ISO-NE could see substantial “spillage” of renewable energy and large price separations because of transmission constraints under scenarios considered in the RTO’s 2017 Economic Study, officials told the Planning Advisory Committee on Wednesday.
The study was requested by the Conservation Law Foundation to evaluate scenarios for meeting Massachusetts and Connecticut climate laws and the Regional Greenhouse Gas Initiative’s emission caps.
The study was based on the “Renewables Plus” scenario from the 2016 Economic Study, which modeled the year 2030 — the only scenario in the 2016 study to meet the RGGI cap. (See Study: New Resources Could ‘Crowd Out’ Old in ISO-NE.)
Under Renewables Plus, the generation fleet met existing renewable portfolio standards, and new renewable or clean energy resources were added above existing RPS requirements.
The new study looked at three additional scenarios:
- “EE + Offshore”: Added more energy efficiency and offshore wind while reducing imports from Canada by 1,000 MW.
- “Onshore Less EE/PV”: A variation on the business-as-usual base case from the 2016 report, with onshore wind boosted to 7,000 MW (nameplate capacity) from 4,800 MW in the reference case.
- “Wind Less Nuc”: Assumes the Millstone nuclear plant retires by 2030, five years ahead of its license expiration, with the gap filled by renewable/clean energy resources.
The study found all three scenarios met projected demand, even with transmission constraints based on the “as-planned” system’s internal and external transfer limits.
If transmission constraints are not relieved, the RTO would see “spillage” of wind power north of the Surowiec-South interface, leading to lower prices in Northern Maine than southern New England. For example, under the constrained scenarios, 7 to 18% of renewables would be spilled, with 22 to 89% of the spillage north of Surowiec-South.
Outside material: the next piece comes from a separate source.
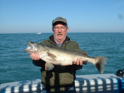 A very windy week! Last week was ushered in with a relentless northeast wind, which howled day and night for three days straight. Not even the big steel party boats dared to venture out. Finally by Thursday the winds eased and everyone got back out on the water. Fearing the worst, we headed out on what I thought was going to be a totally muddy mess. Surprisingly the water was stained but not really that bad! The real surprise was that once again it didn't even slow the Walleye fishing one little bit. Everyone picked up where we had left off. The Walleye bite is still as hot as it was before the blow. The only thing I noticed was that the best action was slightly off the reefs in 15 to 16 foot of water. We stilled jigged a couple of days but we also trolled one day. Although the trolling bite is still slower then the jigging action right now, the fish are bigger. We managed to get a few post spawn females including one 29 1/2 trophy which hit a Fenwick Wobbling Minnow fished 40 foot back on a #20 Jet Diver off the planer boards. |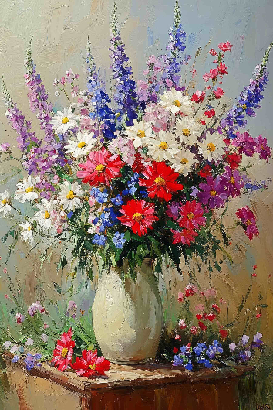 Rozjaśnij każde pomieszczenie tym wspaniałym wydrukiem na płótnie przedstawiającym wazon wypełniony kolorowymi kwiatami. To jak posiadanie ogrodu w domu, bez uciążliwych pyłków! Te żywe czerwienie, błękity i fiolety tańczą na płótnie, przynosząc ciepło i radość. Wyobraź sobie ten obraz w słonecznym zakątku – może przy oknie – gdzie światło słoneczne może oświetlić te odważne kolory. To idealne miejsce na przytulne pogawędki lub spokojne popołudnie z filiżanką herbaty. Zaufaj mi, goście będą się zatrzymywać i uśmiechać, a może nawet opowiadać historie o swoich ulubionych kwiatach. To prosty akcent, który dodaje mnóstwo uroku!

In the constrained Wind Less Nuc scenario, average LMPs would range from $13.78/MWh in the Bangor Hydro Electric subarea in northeastern Maine, to $38.71/MWh in the NH subarea (which includes most of New Hampshire, eastern Vermont and southwestern Maine) and $37.18/MWh in Boston.
Electric production by natural gas plants fluctuates with assumptions regarding plant retirements and price-taking offers ($0/MWh) by renewable resources. EE + Offshore has the least gas-fired energy, while Wind Less Nuc has the most gas production, especially when the transmission system is constrained.
EE + Offshore had the lowest total production costs, coming in 28% below the Renewables Plus reference case assuming transmission constraints. Onshore Less EE/PV had the highest costs, 77% above the constrained reference case.
Only one scenario, EE + Offshore, is as good as the Renewables Plus scenario in meeting the RGGI 2030 emission targets.
CLF staff attorney David Ismay said the two emission-reduction targets, which were also used in the 2016 study, were intended to “bracket” the goals RGGI might embrace in its latest program review. RGGI’s emissions cap declines by 2.5% annually through 2020. The group announced in August that it would seek an additional 30% reduction in emissions from 2020 levels.
“We expressly worked … to design all three scenarios to meet [RGGI] emissions targets,” Ismay said.
“We’re starting to get a better picture of what the grid needs to look like in order to meet our climate laws and emission regulations that are already on the books,” he explained in an interview later. “We really need a grid that’s different from what we have now. I think that will give legislators, regulators and the ISO information on the kind of mix we need to comply with these laws. … It’s really helpful to see the impact of adding 1,000 MW of EE or 1,000 MW of wind.”